Step-by-step explanation:

Problems of normally distributed samples can be solved using the z-score formula.

In a set with mean \mu and standard deviation \sigma, the zscore of a measure X is given by

Z = \frac{X - \mu}{\sigma}

After finding the Z-score, we look at the z-score table and find the p-value associated with this z-score. This p-value is the probability that the value of the measure is smaller than X. The sum of the probabilities is decimal 1. So 1-pvalue is the probability that the value of the measure is larger than X.

In this problem, we have that

The web logs of a certain website show that the average number of hits in an hour is 75 with a standard deviation equal to 8.6, so \mu = 75, \sigma = 8.6.

a) What’s the probability of observing less than 60 hits in an hour?
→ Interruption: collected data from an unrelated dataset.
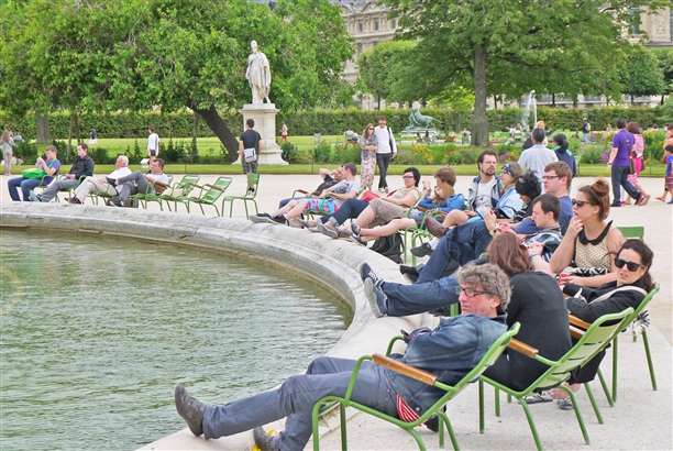 За аркой на площади Каррузель начинается парк Тюильри. Чем-то напомнил мне сказочное маковое поле, - попадаешь туда и забываешь, куда и зачем шел :) Зелёные лужайки, уютные скамейки, даже вокруг фонтанов - кресла, и везде - сонные мухи люди. Главное вовремя вспомнить, что надо бы и на Эйфелеву башню посмотреть ;))
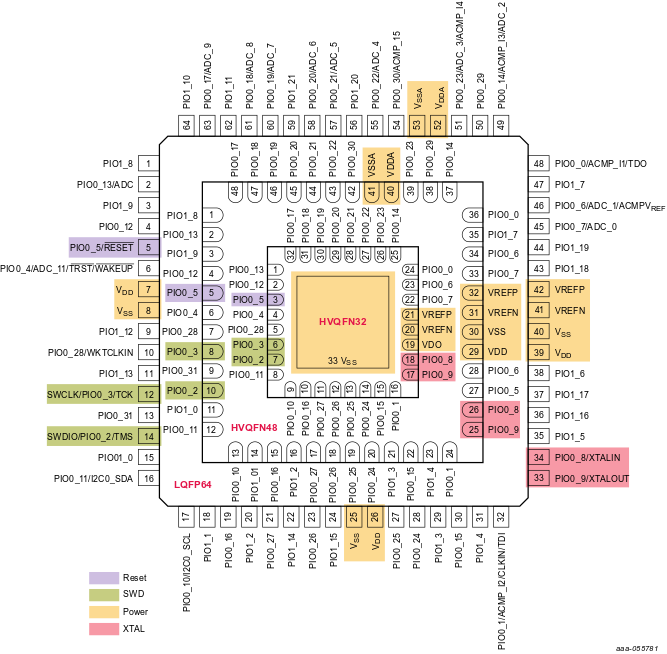 LPC865提供10mm2 LQFP64、7mm2 HVQFN48和5mm2 HVQFN32封装。
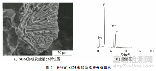 用掃描電鏡及能譜儀對異物進(jìn)行分析,結(jié)果如圖6所示。由圖6可知:異物為硫化錳夾雜物,且枝晶狀的硫化錳夾雜物沿晶界分布。
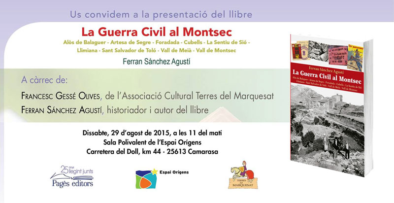 Aquest dissabte es realitzarà a les 11 del mati la Presentació del llibre 'La Guerra Civil al Montsec', a l'Espai Orígens de Camarasa, a càrrec de l'autor Ferran Sanchez Agustí, autor d'altres llibres de la mateixa temàtica.
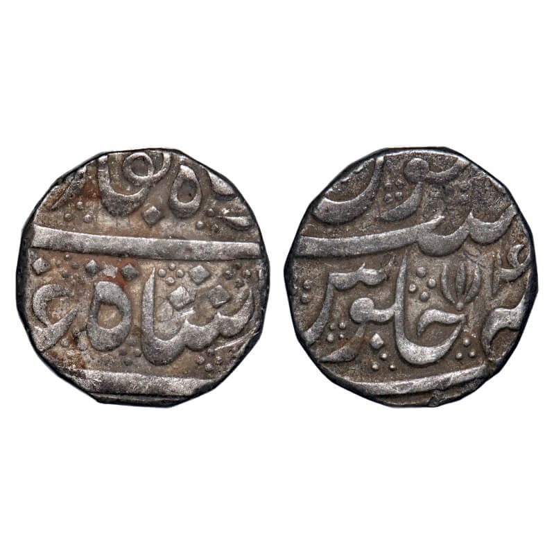 Madras Presidency, Silver Rupee, 11.58g, Arcot mint (1748-1749 AD issue), INO Ahmad Shah Bahadur, 4 RY. P.Stevens (Page 382) 2.51/F.Prid 137. Very Fine, Rare.
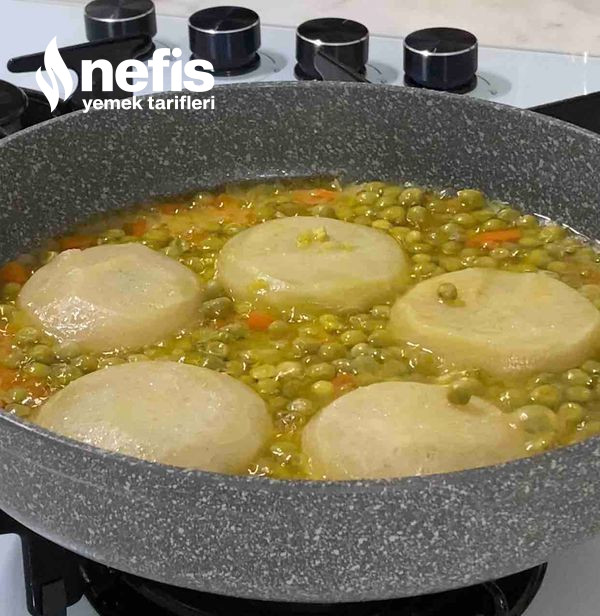 - Ara orta çatalla denetim edelim ve yumuşamaya yakın bezelyemizi de ek edip 5-10 dakika daha pişirip ocaktan alalım, soğumaya bırakalım.
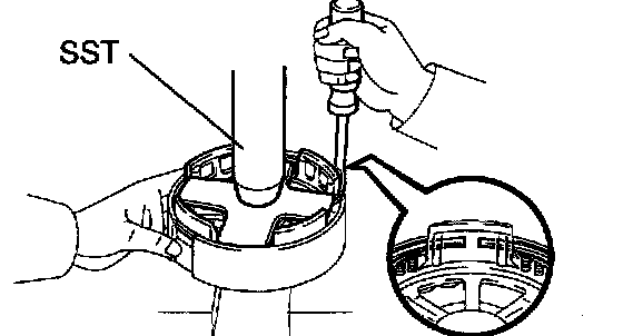 a. Place SST on the spring retainer, and compress the return spring with a press.
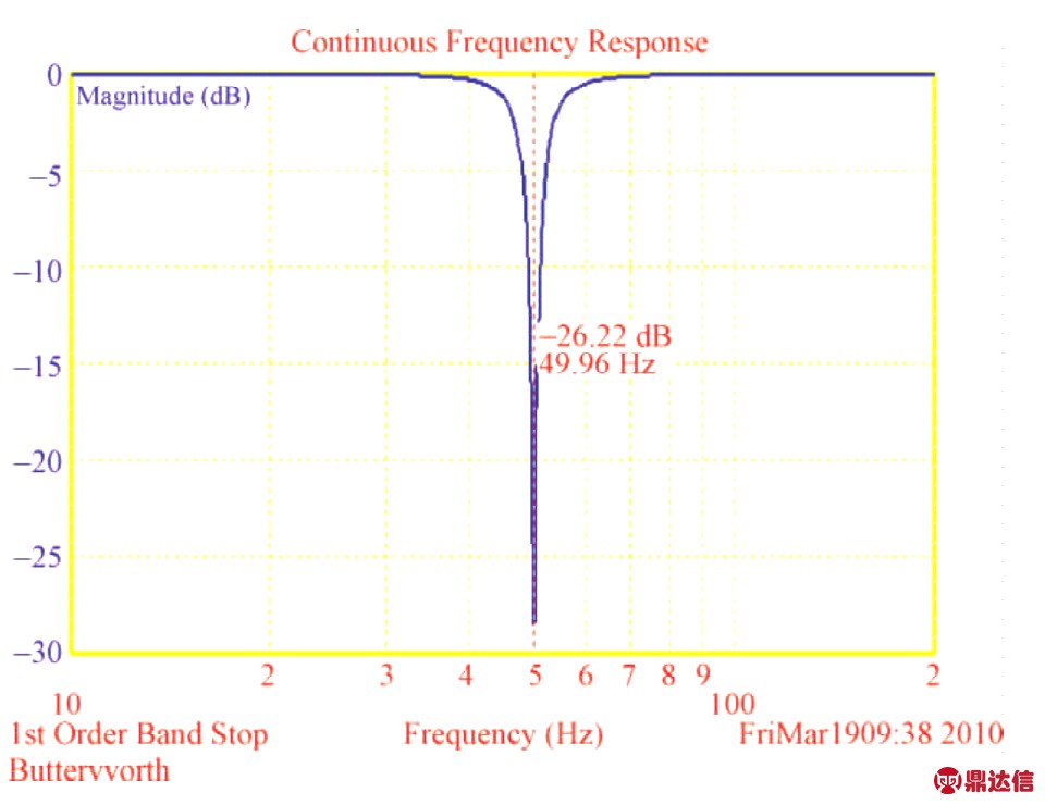 Figure 9 Frequency response diagram of 50Hz band stop Butterworth
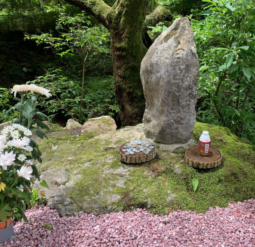 第25回「篤太夫、帰国する」放送後、旧渋沢邸「中の家」にある渋沢平九郎追懐碑の献花台には多くの花が供えられていました(2021.8.29撮影)
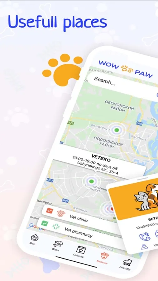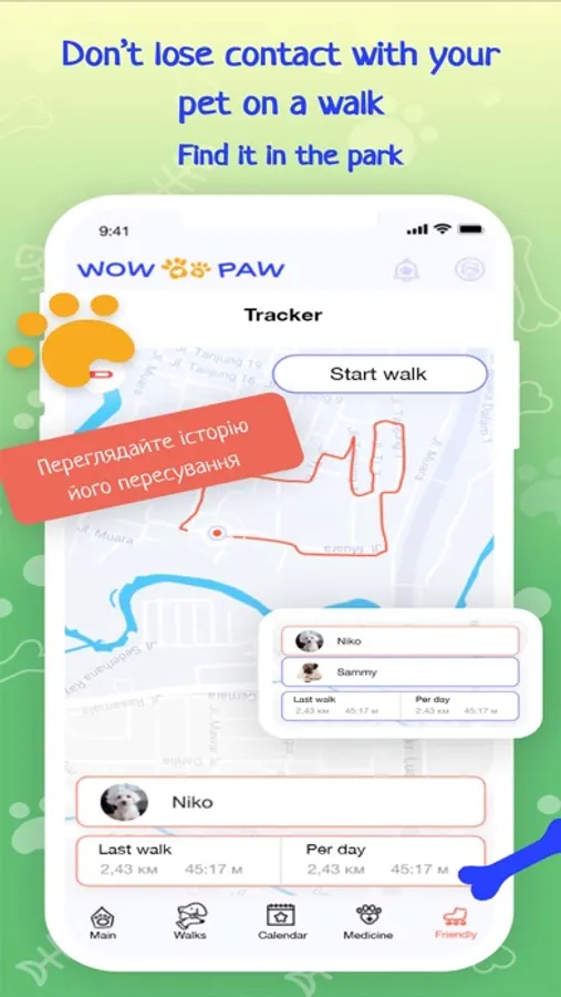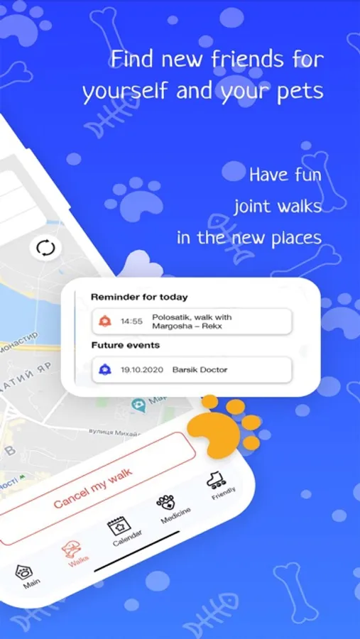 A calendar of important events, a medical card, walks with friends and much more will help you collect the whole life of your pet in your smartphone.
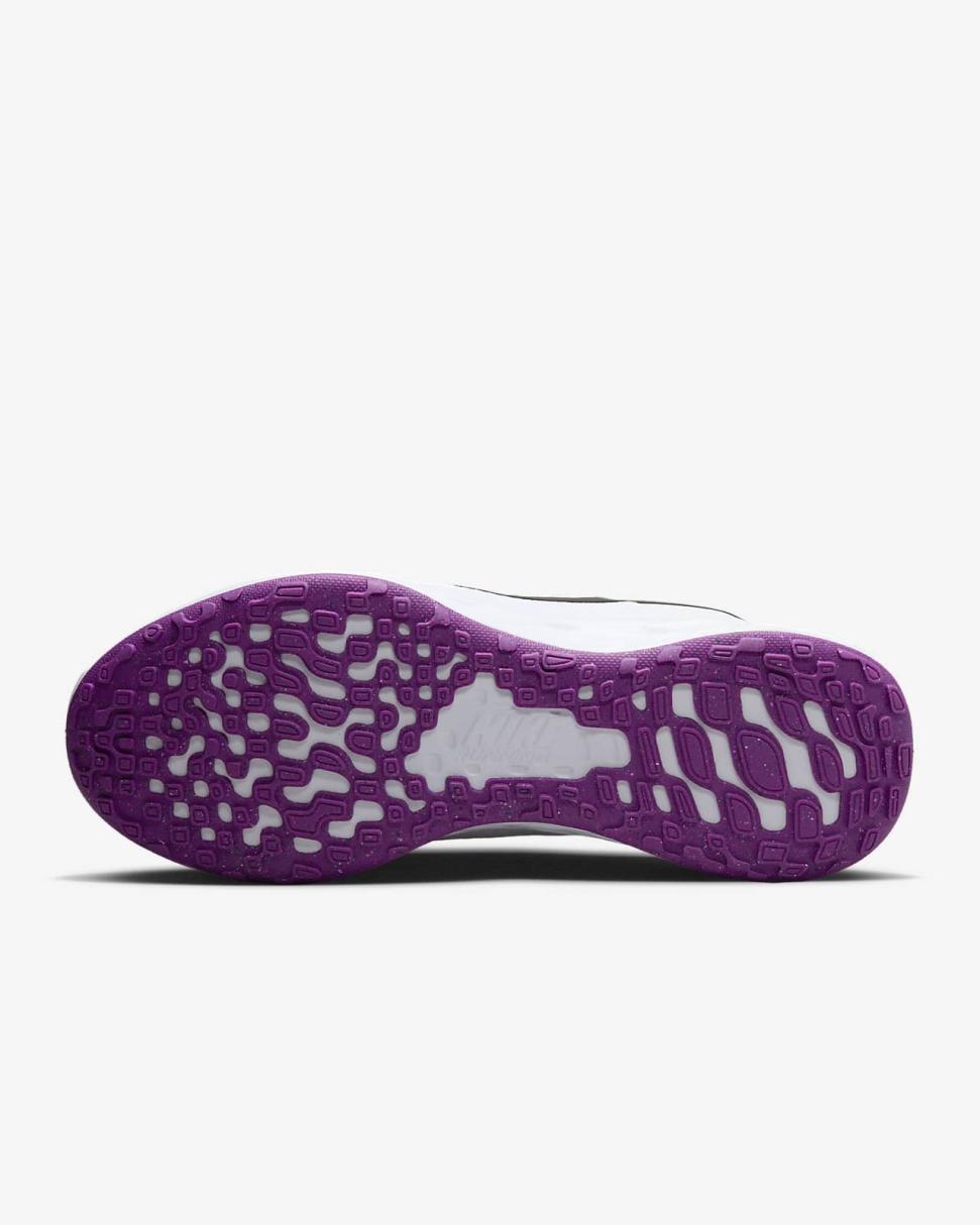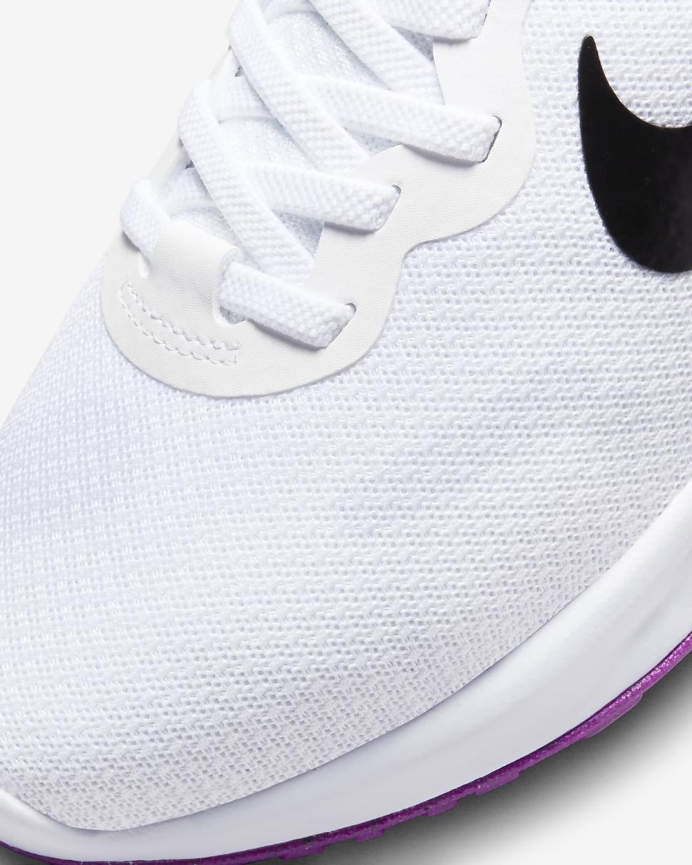 A full foam midsole delivers a softer ride than the Revolution 5. The outsole has a computer-generated design that creates a natural piston effect as you run, providing more cushioning and flexibility. They combine for durable traction.
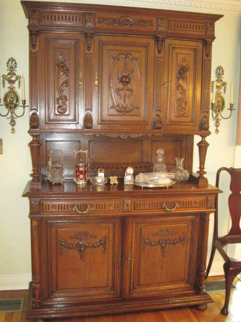 Lovely, Quality, Clean Home with over 60 Years Accumulation of Furniture, Decorative Items, Household and Personal Items. Beautiful, Quality Antiques throughout, purchasing only the best over the years and maintained with great care. All in excellent condition in the Living Room, Dining Room, Bedrooms and Family Rooms. Magnificent French Carved Hutch; Beautiful Antique Welch Sideboard with inlay, 6' long by 2' wide; Inlaid Tables; Marble Topped Tables; Round Oak Kitchen Table with Leaves and Four Chairs; 18th Century Gate-Leg Mahogany Table 32" x 10 1/2 " (opens to 31" ); Two19th Century Complementary chairs; Many Table and Floor Lamps -...

Use the normal approximation

This is the pvalue of Z when X = 60. So

Z = \frac{X - \mu}{\sigma}

Z = \frac{60 - 75}{8.6}

Z = -1.74

Z = -1.74 has a pvalue of 0.1075. This means that there is a 10.75% probability of observing less than 60 hits in an hour.

b) What’s the 99th percentile of the distribution of the number of hits?

What is the value of X when Z has a pvalue of 0.99.

Z = 2.35 has a pvalue of 0.99

So

Z = \frac{X - \mu}{\sigma}

2.35 = \frac{X - 75}{8.6}

X - 75 = 20.21

X = 95.21

The 99th percentile of the distribution of the number of hits is 95.21 hits.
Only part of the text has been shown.